Why you need a shareholder agreement
While it is an emotive subject, failure to have a shareholders agreement on death could have disastrous consequences for the surviving business owners, and indeed the deceased shareholder’s family.
On the death of a shareholder their shares in the company would form part of their estate and be passed to the beneficiaries of their Will (usually family).
Without a shareholder agreement those shares may be retained by the deceased’s family members who have little interest in (or ability to contribute to) the business, or potentially the shares could be sold to a third party. This can have serious implications especially if the majority shareholder dies.
It is important for owners and managers to have a shareholder agreement on death.
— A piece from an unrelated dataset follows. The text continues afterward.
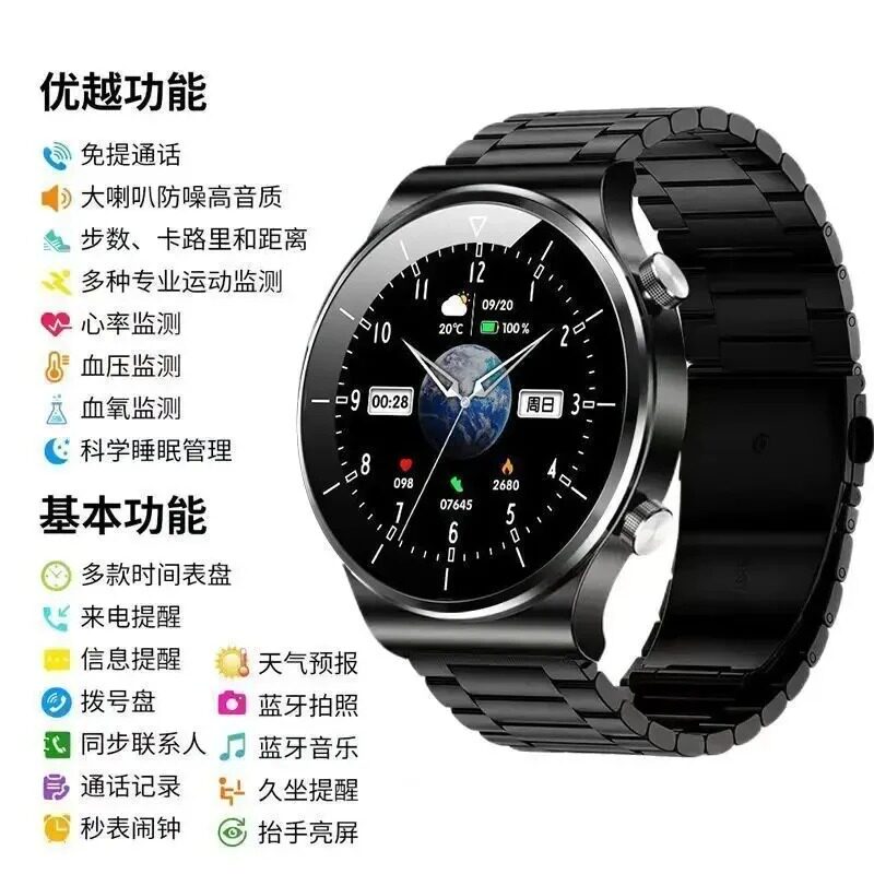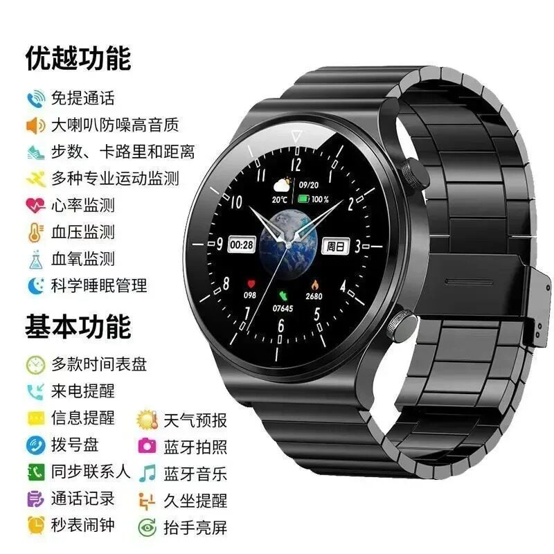 【气泵式】测血压手表高精度心率手环血氧风险评估检测量仪老年人健康监测睡眠运动跑步新款蓝牙智能手表男女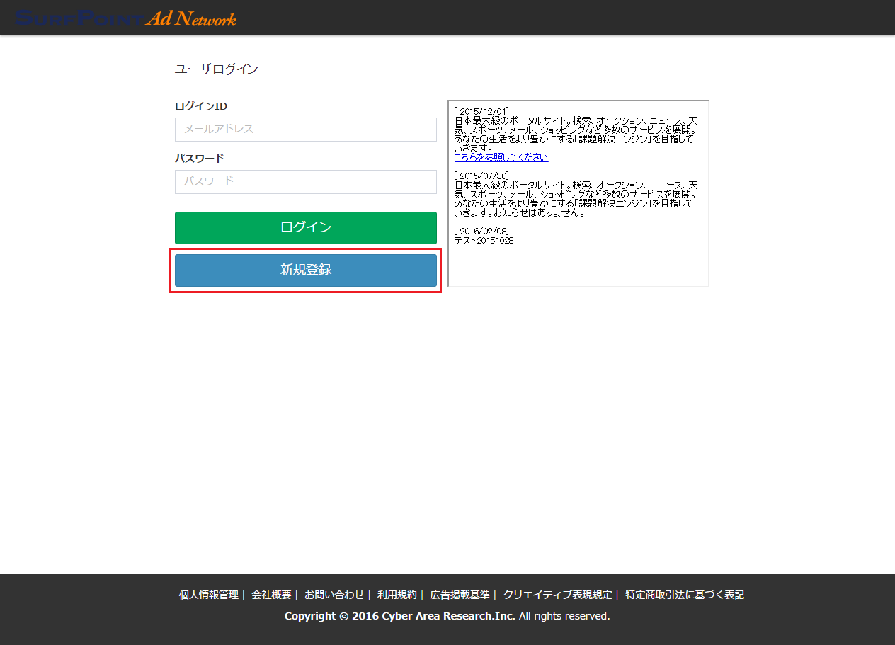 - ログイン画面に移動します。「新規登録」ボタンをクリックします。

The most commonly used is the ‘cross option agreement’. This simply states that if a shareholder dies the surviving shareholders have the option to buy and the deceased’s estate has the option to sell the shares within a certain time. Should either party exercise their option then the other has to comply.
The value of the shares is included within the agreement – either as a fixed amount (which should be regularly reviewed) or based on the value of the company at death.
The benefits of this are readily apparent – control of the business is retained by the surviving shareholders and the deceased’s family receive ‘fair value’ for the shares being given up.
Should a shareholder die, the surviving shareholders will need the cash to purchase the shares. This could be funded from cash or bank lending, but a more cost effective option is for the shareholders to establish protection policies.
We have worked with our clients to ensure that they are aware of the financial impact of not having suitable shareholder agreements in place, but there are still too many businesses who overlook such an important provision. It can be a depressing topic but the consequences of failing to protect the business can be much gloomier.